A recent study of workers demonstrated that the prevalence of excessive daytime sleepiness (EDS) was higher in shift workers than in non-shift workers. As for obstructive sleep apnea, there was no difference in prevalence between shift and non-shift.
As published in Sleep Disorders and summarized by the National Institutes of Health, the study calls sleep deprivation and sleepiness “the most important health problem in our modern society among shift workers.”

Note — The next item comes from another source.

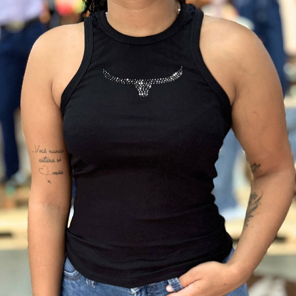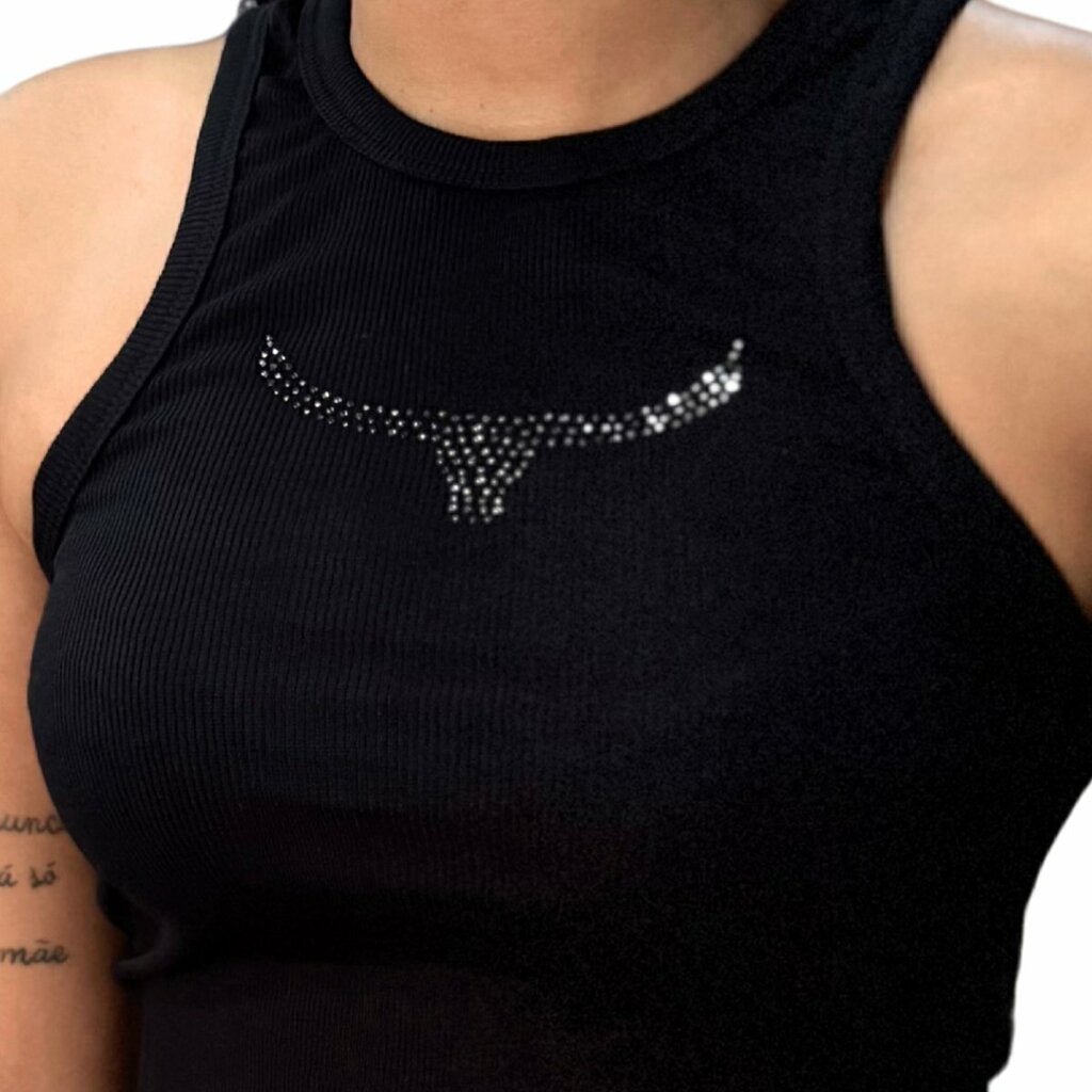 Os detalhes da logo em strass adicionam um toque de sofisticação, tornando essa regata perfeita para diversas ocasiões.

The objective of the study was to investigate the prevalence of sleep disorders and their possible effects on work performance in two groups of shift workers and nonshift workers. Data were collected by PSQI, Berlin questionnaire, Epworth Sleepiness Scale, Insomnia Severity Index, and RLS Questionnaire.
A self-administered questionnaire was submitted to all workers employed in a textile factory. A total of 225 shift workers and 245 non-shift workers participated in this study. All the participants were informed about the objectives of the study and the methods used during the survey. Each participant received the questionnaire and completed it during the work hours.
“It is necessary to say that the relation between the quality of sleep and occupational performance is two-sided,” write researchers. “On one hand, low quality of sleep can result in poor work performance and work accidents. On the other hand, problems occurring while working can culminate in sleep disorders. Knudsen et al. in their study showed that the workers who had work accidents resulting in work absence in the recent past year were more prone to insomnia disorder and poor sleep quality.”